This post was originally published on here
The murdered professor from the Massachusetts Institute of Technology was on the brink of revolutionizing the energy sector and upending fossil fuel use as we know it.
Nuno Loureiro, 47, was gunned down at his home in the Boston suburb of Brookline on Monday.
Authorities believe that the same alleged gunman, Claudio Neves Valente, who carried out the mass shooting at Brown University, may have assassinated Loureiro, but the investigation is still ongoing.
Before his death, Loureiro was leading MIT’s efforts to revolutionize energy production by making a game-changing clean power source that needs just a fraction of the fossil fuels current machines and vehicles use today.
His team’s research at MIT’s Plasma Science and Fusion Center (PSFC) centered on plasma physics, the study of super-hot, ionized gases, and how to apply them to fusion energy, a promising clean power source.
Fusion provides what scientists call ‘baseload electricity,’ a steady supply of power 24/7, using tiny amounts of fuel with no air pollution or climate-warming emissions, unlike carbon dioxide-producing fossil fuels.
A breakthrough in this field could disrupt the trillion-dollar fuel industry by reducing demand for oil, gas, and coal, especially for generating power and transportation.

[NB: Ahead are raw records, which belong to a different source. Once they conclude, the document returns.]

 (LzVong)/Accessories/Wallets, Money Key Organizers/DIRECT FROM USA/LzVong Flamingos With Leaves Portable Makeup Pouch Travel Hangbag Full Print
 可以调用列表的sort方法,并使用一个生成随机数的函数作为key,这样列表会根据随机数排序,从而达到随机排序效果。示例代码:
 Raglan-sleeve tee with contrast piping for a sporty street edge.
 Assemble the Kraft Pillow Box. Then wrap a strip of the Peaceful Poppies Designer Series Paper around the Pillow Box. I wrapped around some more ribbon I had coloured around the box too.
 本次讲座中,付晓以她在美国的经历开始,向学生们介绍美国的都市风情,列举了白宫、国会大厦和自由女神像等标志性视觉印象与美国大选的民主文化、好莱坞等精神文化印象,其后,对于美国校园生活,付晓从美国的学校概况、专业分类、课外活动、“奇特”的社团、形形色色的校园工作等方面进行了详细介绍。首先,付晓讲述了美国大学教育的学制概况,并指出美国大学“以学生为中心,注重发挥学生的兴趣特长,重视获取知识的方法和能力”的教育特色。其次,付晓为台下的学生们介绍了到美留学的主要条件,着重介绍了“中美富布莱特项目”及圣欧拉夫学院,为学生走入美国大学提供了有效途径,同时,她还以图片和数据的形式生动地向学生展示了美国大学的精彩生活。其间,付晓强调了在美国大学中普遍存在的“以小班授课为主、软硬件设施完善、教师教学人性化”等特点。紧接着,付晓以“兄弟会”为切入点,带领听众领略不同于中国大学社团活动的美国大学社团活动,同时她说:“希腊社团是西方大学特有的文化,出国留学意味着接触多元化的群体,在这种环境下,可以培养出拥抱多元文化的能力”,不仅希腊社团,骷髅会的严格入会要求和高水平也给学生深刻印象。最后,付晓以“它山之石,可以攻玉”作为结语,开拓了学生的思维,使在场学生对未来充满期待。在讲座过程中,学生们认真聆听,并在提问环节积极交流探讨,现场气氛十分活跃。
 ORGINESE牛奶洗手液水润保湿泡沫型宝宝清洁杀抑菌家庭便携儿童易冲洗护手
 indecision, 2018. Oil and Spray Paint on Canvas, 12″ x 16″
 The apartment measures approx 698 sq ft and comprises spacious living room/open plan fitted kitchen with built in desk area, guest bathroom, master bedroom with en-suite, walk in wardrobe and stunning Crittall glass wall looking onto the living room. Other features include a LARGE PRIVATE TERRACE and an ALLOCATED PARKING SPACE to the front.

High-demand users like data centers could also switch to fusion for reliable, green energy.
‘This is a very advanced technology, and whatever nation masters it first is going to have an incredible advantage,’ Loureiro said on December 8.

Authorities tied Neves Valente, the suspect in the Brown University shooting that killed two students and wounded nine on December 13, to the murder of Loureiro after matching surveillance footage from both crime scenes showing the alleged gunman in the same clothing.
The connection was further solidified by license plate reader data and video from a car rental agency tracking Valente’s gray Nissan Sentra with Florida plates, which he allegedly used to travel between both crime scenes.
Loureiro was already a respected physicist from Portugal when he joined MIT in 2016 as a professor and quickly rose to become a full-time professor by 2021.
Last year, he became the director of the MIT Plasma Science and Fusion Center, one of the university’s largest laboratories with more than 250 full-time researchers.
Loureiro specialized in theoretical physics, meaning he used math and computer simulations to figure out how plasma behaves under extreme conditions.
Plasma is the fourth state of matter, different from solids, liquids, and gases, where heat is so intense that atoms lose their electrons and create a mix of positively charged ions and free electrons – a critical component of fusion technology.
The clean energy source essentially mimics the sun’s power on Earth, smashing lighter atoms such as hydrogen together to ‘fuse’ and form heavier atoms like helium in a process that unleashes massive amounts of energy.
Until his death, Loureiro and the PSFC team were working with the company Commonwealth Fusion Systems to build SPARC, a compact fusion reactor in Massachusetts designed to produce energy from fusing atoms, with operations expected to start in 2026.


They were also overseeing new projects like launching a special laboratory at PSFC to quickly test and develop tough materials that can handle the extreme heat and radiation inside future fusion reactors, helping make clean fusion power practical and safe.
Dennis Whyte, MIT’s Hitachi America Professor of Engineering, said: ‘His loss is immeasurable to our community at the PSFC, NSE [Department of Nuclear Science and Engineering] and MIT, and around the entire fusion and plasma research world.’
MIT has previously noted that more than $8billion has already been invested in the development of commercial fusion reactors, which could one day challenge the fossil fuel industry for dominance.
‘If you walked into a room of fusion scientists in 2018 or 2019 and said there were going to be fusion startups, and venture capital funding to the tune of $9 billion, you would have been laughed out of the room,’ Loureiro said in a statement two weeks ago.
Neves Valente and Loureiro previously attended the same academic program at a university in Portugal between 1995 and 2000.
Loureiro graduated from the physics program at Instituto Superior Técnico, Portugal’s premier engineering school, in 2000, according to his MIT faculty page.
That same year, Neves Valente was let go from a position at the Lisbon University, according to an archive of a termination notice from the school’s then-president in February 2000.
Neves Valente went to Brown on a student visa and eventually obtained legal permanent residence in the US in September 2017.
It was not immediately clear where he was between taking a leave of absence from the school in 2001 and getting the visa in 2017. His last known residence was in Miami.
After officials revealed the suspect’s identity, President Trump suspended the green card lottery program that allowed Neves Valente to stay in the US.
Authorities said that the suspected gunman’s original target was Loureiro, but it was unclear what his alleged motive was or what his relationship with Loureiro had been.